Dominguez was elected to his position in July 2023 by the delegates rising from his position as head of the IMO’s Maritime Environment Protection Division. As such, he was already closely involved with one of the key issues facing the IMO, global warming, and the drive to decarbonization. As part of his agenda, he mapped out an aggressive series of steps for the IMO over the next two years saying in his update that the IMO was the first UN agency and first sector to define a global strategy to cut greenhouse gas emissions.

He is calling for “ensuring safer, more secure, and more environmentally friendly shipping,” as the pillars of his tenure leading the organization. Dominguez was first appointed in 2004 as the alternate representative of Panama to the IMO and starting in 2014 he was appointed Ambassador of Panama to the IMO. Dominguez is a naval architect and has more than 25 years of professional experience in the international maritime world.

One of the key agenda items he set for the next four years is changing public perception of the shipping industry. “One thing I am very focused on is to make this organization a more diverse, inclusive, and transparent institution,” he said outlining his agenda. He wants the IMO to be more interactive and responsive, blunting some of the criticism in the past that it is slow to move and respond to the industry.
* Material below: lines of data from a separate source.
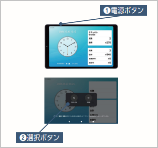 QUSEN PAY+にて、カスタマーディスプレイのタッチ操作ができない。最終更新:2025-09-24 00:00:00 再起動を行うとタッチ操作が改善される可能性があるため、以下の方法で再起動をして作動をご確認ください。(1) 本体の①電源ボタンを長押してください。(2) ②選択ボタンが表示されるので、その中から「再起動」を押下してください。 この記事は役立ちましたか?はいいいえ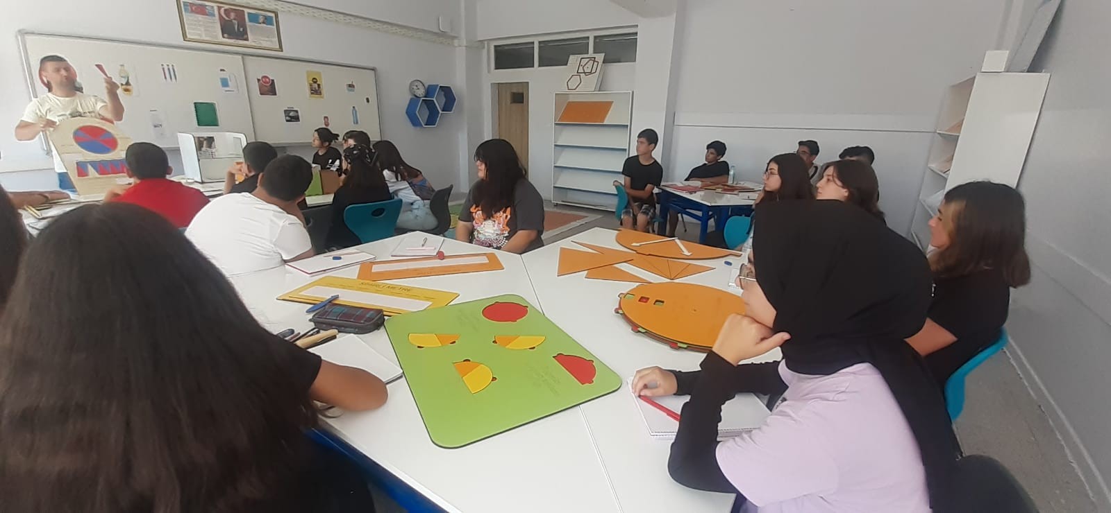 Nevşehir Damat İbrahim Paşa Ortaokulu’nda açılan matematik atölyesinde; doğal sayılar, tam sayılar, kesirler, ölçme, örüntüler, veri işleme, simetri, geometrik şekiller, açılar, alan ve hacim gibi matematiksel kavramlar günlük hayat problemleri üzerinden, oyunlaştırma yöntemiyle işleniyor.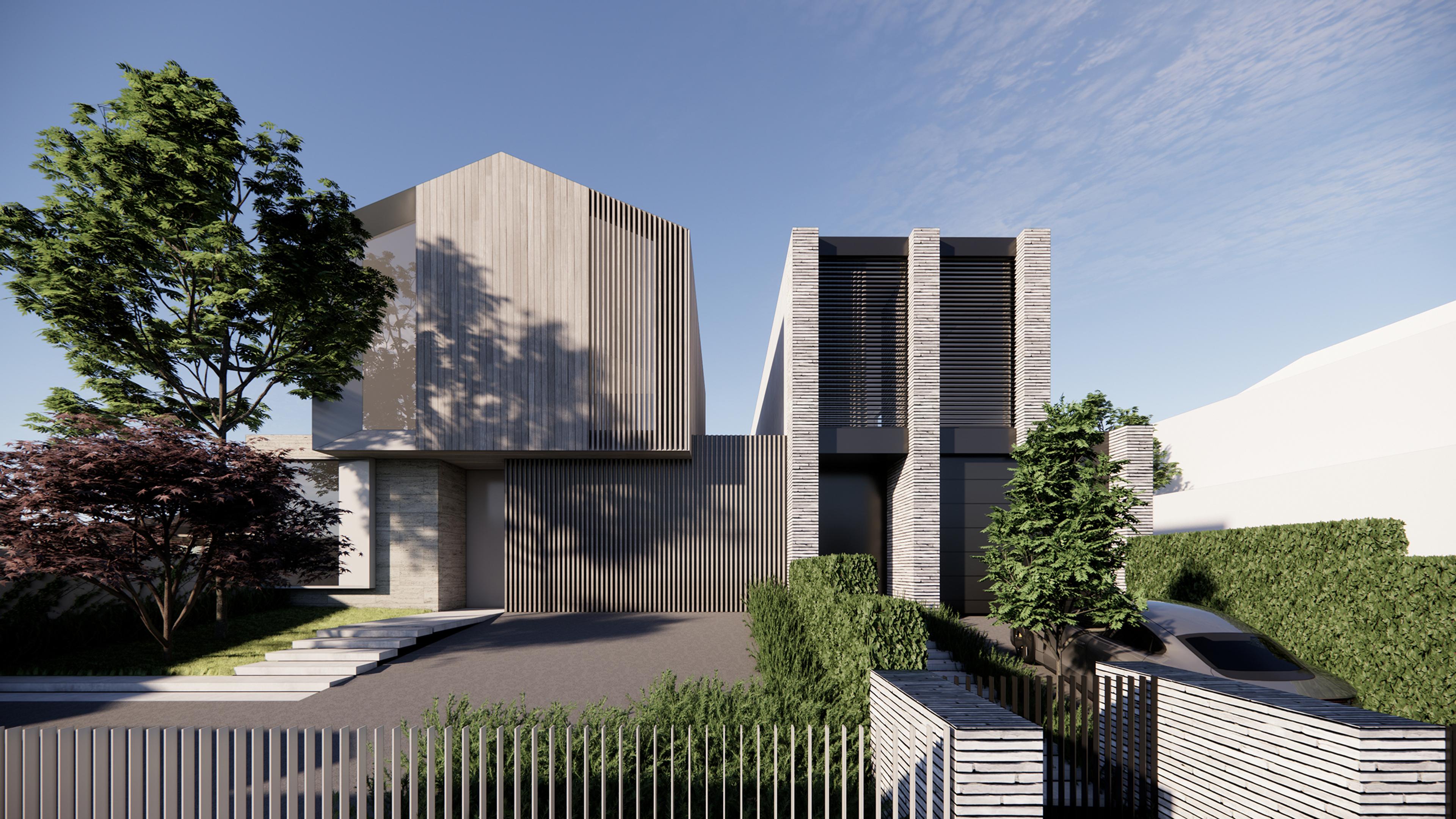 Multi Unit DomesticThis project comprises two architect-designed, double-storey dwellings with integrated garages, delivered in collaboration with Architecton. The homes bring contemporary design and well-crafted detailing to the established Essendon streetscape. Krneta is providing building surveying services to support compliance through all phases of development.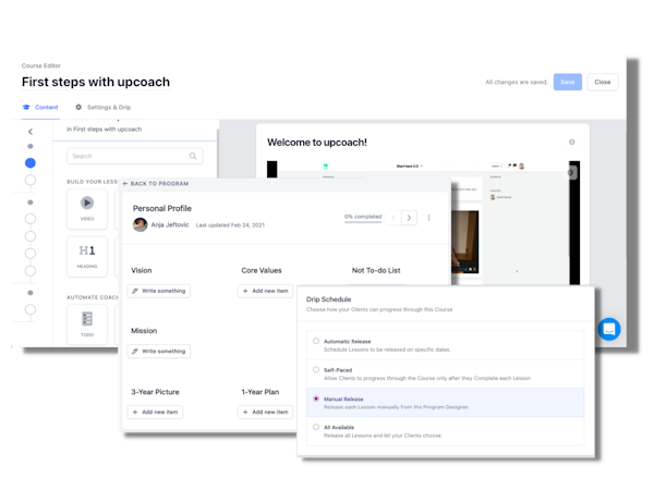 upcoach is an online coaching platform that helps individual coaches, as well as big coaching companies, deliver transformational results to their clients, and also organize and manage their business, all in one place. It lets users create courses, assign to do lists, build programs, set up agendas, conduct meetings, and more.

He recognizes the importance of the role to regulate international shipping. Setting the timeline for addressing emissions he points out that in March the Marine Environmental Protection Committee will advance discussions on the medium-term efforts toward decarbonization and reducing emissions. He said the agenda includes measures for a global fuel standard and pricing mechanism as well as an interim report assessing the impact the measures will have on countries.

Dominguez said MEPC would move quickly to finalize the impact assessment by the fall and approve measures in the spring of 2025. He expects the adoption of the measures six months after their approval, which would be in the fall of 2025.

This goes with his second agenda point of supporting member nations. He wants the IMO to become more supportive, especially of small island developing states and the least developed countries. These are many of the same states that pushed for the most aggressive measures during the prior rounds of MEPC citing the impact global warming was having on their countries. 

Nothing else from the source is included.